Stored data:
========
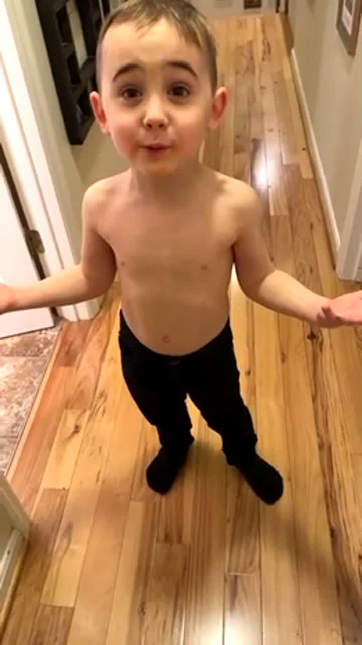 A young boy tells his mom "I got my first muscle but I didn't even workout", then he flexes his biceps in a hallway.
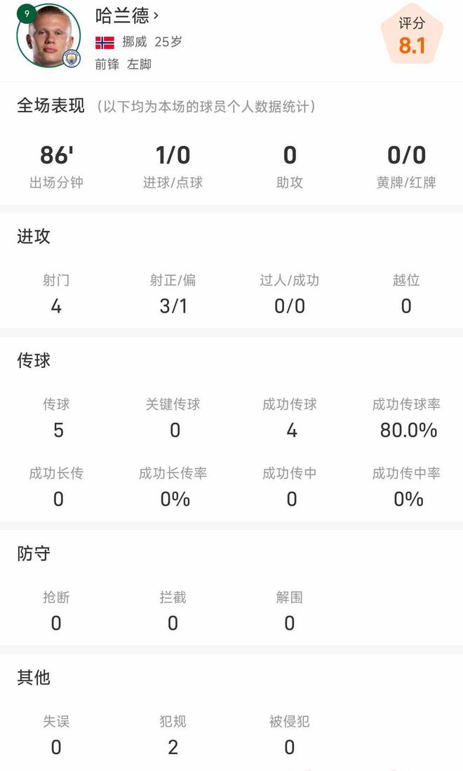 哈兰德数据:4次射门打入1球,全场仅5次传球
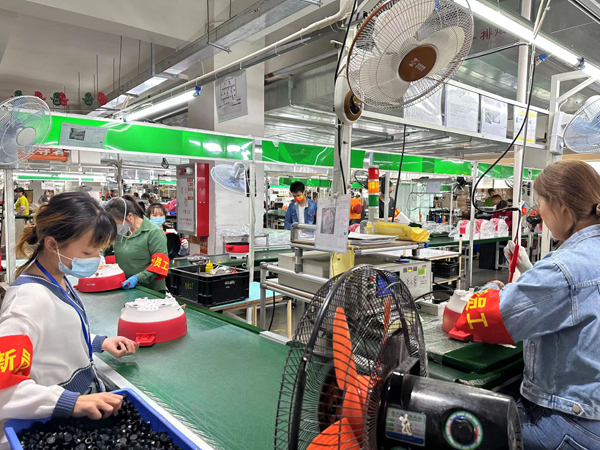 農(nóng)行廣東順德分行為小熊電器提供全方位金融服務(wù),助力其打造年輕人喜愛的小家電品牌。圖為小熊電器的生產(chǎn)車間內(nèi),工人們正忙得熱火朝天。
========
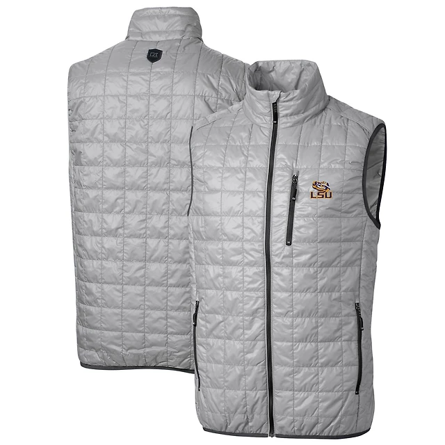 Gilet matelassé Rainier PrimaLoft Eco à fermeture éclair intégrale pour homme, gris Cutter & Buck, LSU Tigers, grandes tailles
========
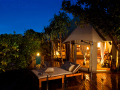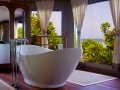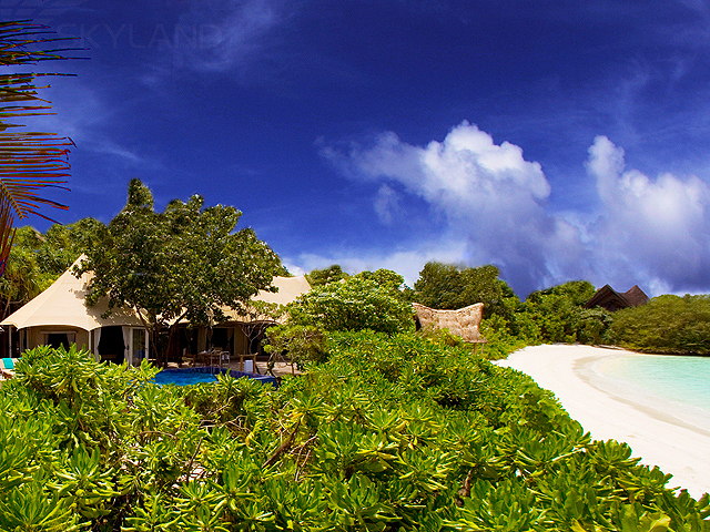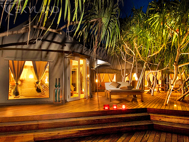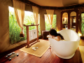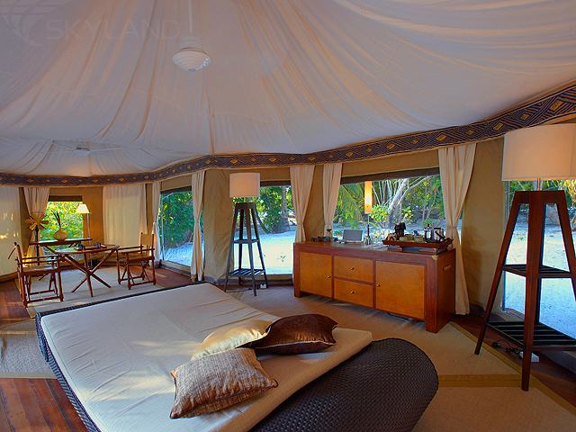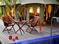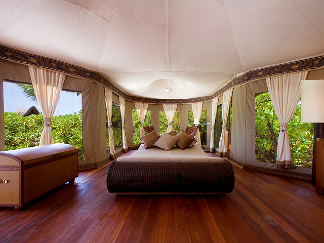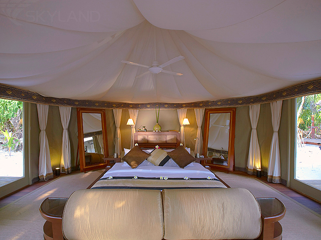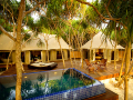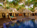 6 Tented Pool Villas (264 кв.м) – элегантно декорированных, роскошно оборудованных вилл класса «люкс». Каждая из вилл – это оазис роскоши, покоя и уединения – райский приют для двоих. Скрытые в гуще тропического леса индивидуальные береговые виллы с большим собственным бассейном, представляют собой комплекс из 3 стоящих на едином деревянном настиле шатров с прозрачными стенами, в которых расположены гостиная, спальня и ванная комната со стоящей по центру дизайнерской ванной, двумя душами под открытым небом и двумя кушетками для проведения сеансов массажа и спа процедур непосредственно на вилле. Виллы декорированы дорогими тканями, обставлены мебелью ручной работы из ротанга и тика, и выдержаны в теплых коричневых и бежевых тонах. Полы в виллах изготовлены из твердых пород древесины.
========
Problem statement: The reply should hold the entries above from the line with "A young boy" to the line with "農(nóng)行廣東順德分行", duplicated exactly, pictures excluded.

Reply:
 A young boy tells his mom "I got my first muscle but I didn't even workout", then he flexes his biceps in a hallway.
 哈兰德数据:4次射门打入1球,全场仅5次传球
 農(nóng)行廣東順德分行為小熊電器提供全方位金融服務(wù),助力其打造年輕人喜愛的小家電品牌。圖為小熊電器的生產(chǎn)車間內(nèi),工人們正忙得熱火朝天。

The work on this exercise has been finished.